Start of Input material

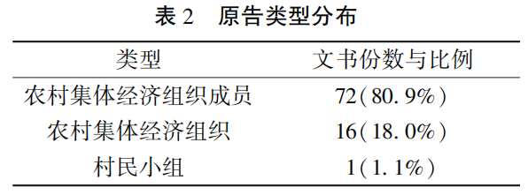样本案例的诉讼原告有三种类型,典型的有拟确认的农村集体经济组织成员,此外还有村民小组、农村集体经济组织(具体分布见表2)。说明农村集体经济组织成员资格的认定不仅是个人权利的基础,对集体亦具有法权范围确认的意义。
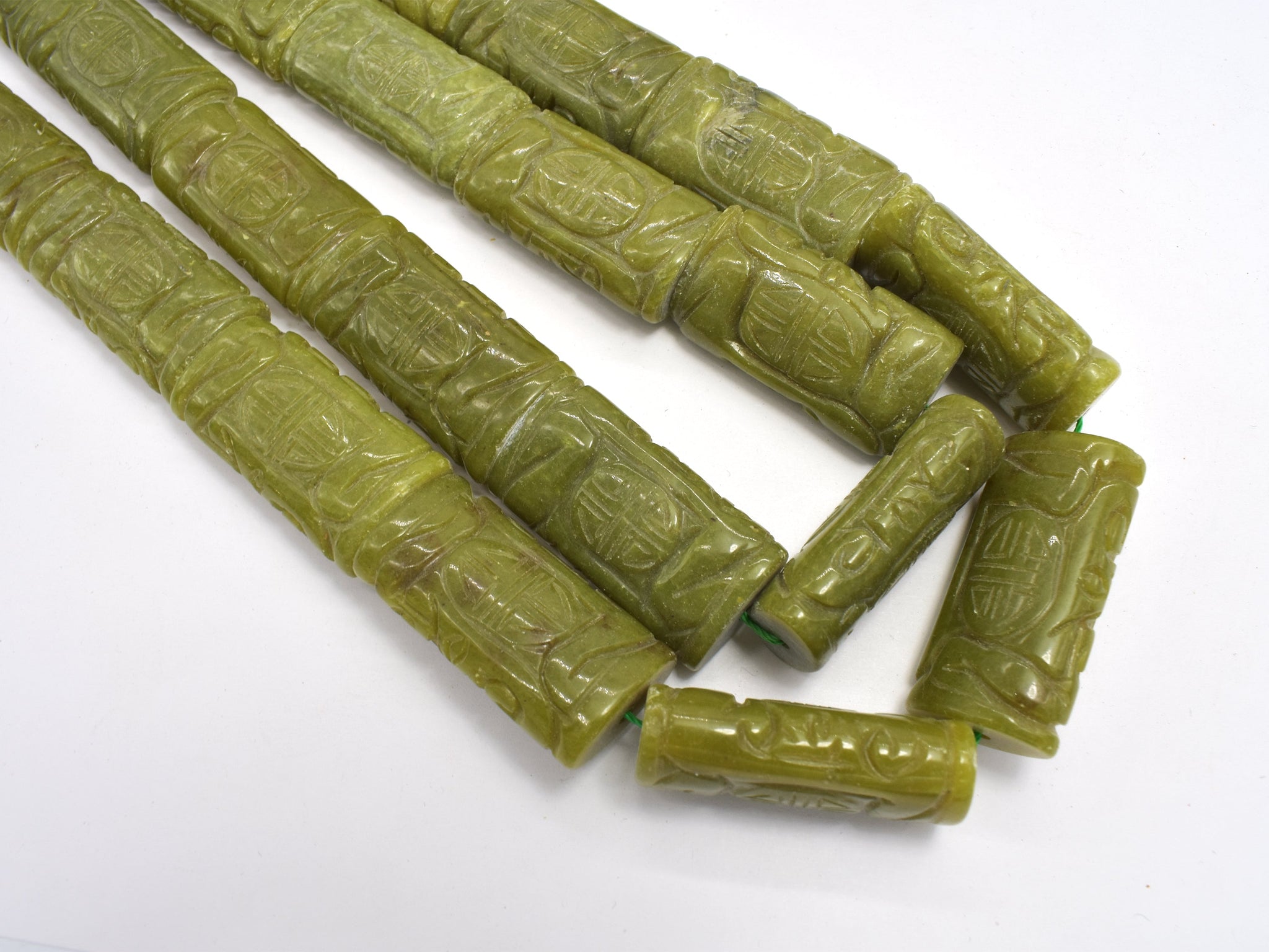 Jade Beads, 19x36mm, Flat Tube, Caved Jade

End of Input material
Start of Input material

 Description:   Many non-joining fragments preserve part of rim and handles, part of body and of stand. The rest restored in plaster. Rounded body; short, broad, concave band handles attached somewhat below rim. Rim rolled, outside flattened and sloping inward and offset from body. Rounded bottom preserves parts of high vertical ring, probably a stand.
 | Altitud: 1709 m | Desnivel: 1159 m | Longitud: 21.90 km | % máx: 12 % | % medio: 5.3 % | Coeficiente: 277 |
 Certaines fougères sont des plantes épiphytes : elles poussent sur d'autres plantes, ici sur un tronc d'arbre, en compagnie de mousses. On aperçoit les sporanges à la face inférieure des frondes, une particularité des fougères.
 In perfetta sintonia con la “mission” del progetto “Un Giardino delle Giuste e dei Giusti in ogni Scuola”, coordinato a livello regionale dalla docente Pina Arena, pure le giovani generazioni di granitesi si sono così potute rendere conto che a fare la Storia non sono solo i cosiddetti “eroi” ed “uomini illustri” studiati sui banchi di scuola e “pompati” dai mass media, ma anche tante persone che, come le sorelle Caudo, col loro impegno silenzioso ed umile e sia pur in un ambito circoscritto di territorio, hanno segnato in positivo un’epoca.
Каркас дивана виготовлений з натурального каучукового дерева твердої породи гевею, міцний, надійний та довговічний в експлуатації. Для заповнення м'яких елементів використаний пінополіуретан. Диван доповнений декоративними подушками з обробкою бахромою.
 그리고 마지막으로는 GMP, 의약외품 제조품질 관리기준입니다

End of Input material

## Exercise description
Exact copy, pictures excluded: every line above from the one containing "样本案例的诉讼原告有三种类型" to the one containing "Jade Beads, 19x36mm, Flat Tube, Caved Jade", inclusive, and nothing more.

## Worked solution
样本案例的诉讼原告有三种类型,典型的有拟确认的农村集体经济组织成员,此外还有村民小组、农村集体经济组织(具体分布见表2)。说明农村集体经济组织成员资格的认定不仅是个人权利的基础,对集体亦具有法权范围确认的意义。
 Jade Beads, 19x36mm, Flat Tube, Caved Jade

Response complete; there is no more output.